SUPPLIED DATA START

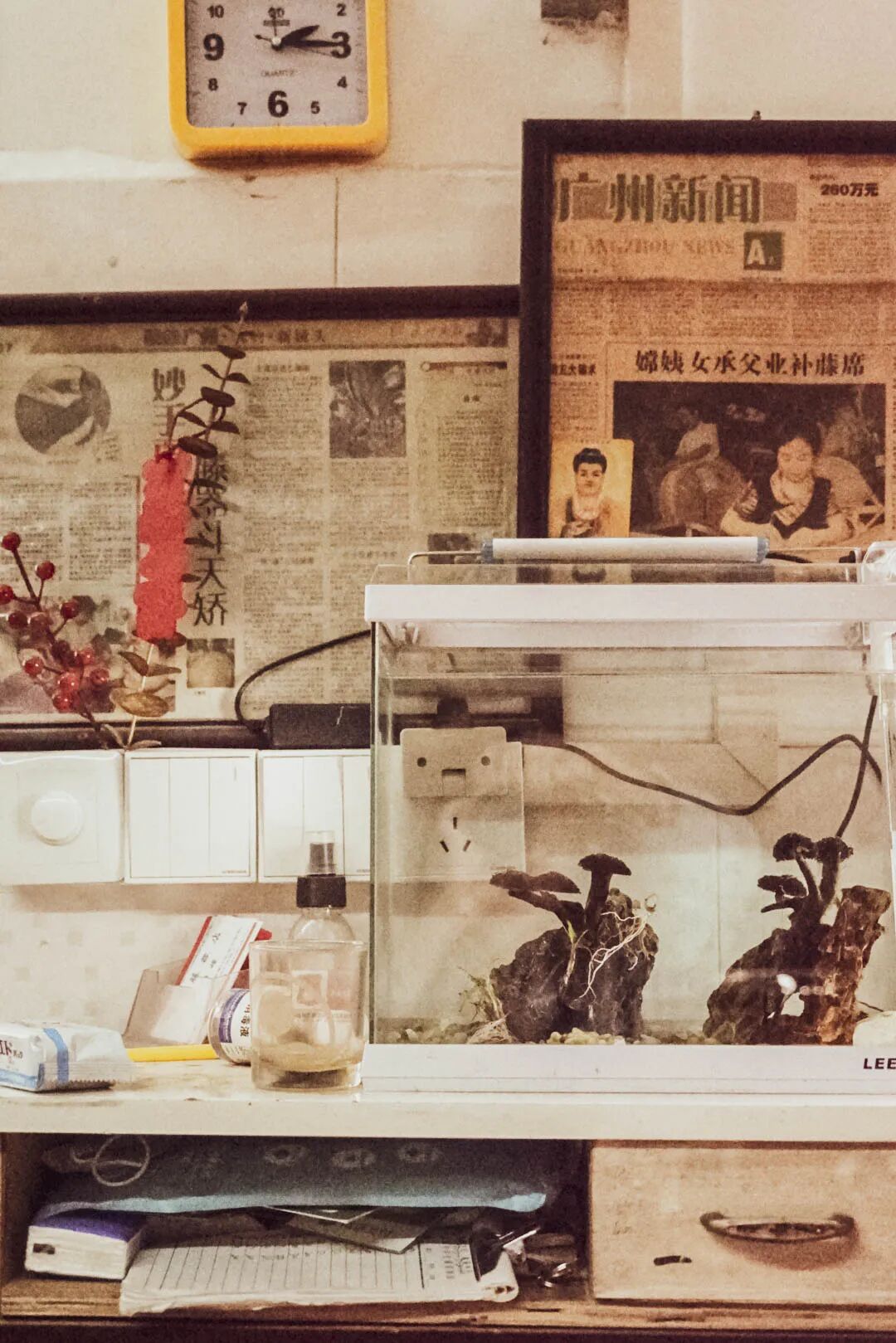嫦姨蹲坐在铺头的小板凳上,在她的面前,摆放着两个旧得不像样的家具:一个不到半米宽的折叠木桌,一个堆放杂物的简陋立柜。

SUPPLIED DATA END
SUPPLIED DATA START

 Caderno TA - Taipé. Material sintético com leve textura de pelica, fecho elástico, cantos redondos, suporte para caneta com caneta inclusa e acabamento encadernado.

SUPPLIED DATA END
SUPPLIED DATA START

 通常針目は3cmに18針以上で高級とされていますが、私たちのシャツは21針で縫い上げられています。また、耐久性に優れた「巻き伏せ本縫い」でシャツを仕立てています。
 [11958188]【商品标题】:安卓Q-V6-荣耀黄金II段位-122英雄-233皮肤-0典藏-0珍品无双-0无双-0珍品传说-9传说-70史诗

SUPPLIED DATA END

▶ [TASK OBJECTIVE] In the data above, retype exactly and only the lines between the one holding "通常針目は3cmに18針以上" and the one holding "[11958188]【商品标", inclusive.

▶ [SOLUTION TO THE EXERCISE]
 通常針目は3cmに18針以上で高級とされていますが、私たちのシャツは21針で縫い上げられています。また、耐久性に優れた「巻き伏せ本縫い」でシャツを仕立てています。
 [11958188]【商品标题】:安卓Q-V6-荣耀黄金II段位-122英雄-233皮肤-0典藏-0珍品无双-0无双-0珍品传说-9传说-70史诗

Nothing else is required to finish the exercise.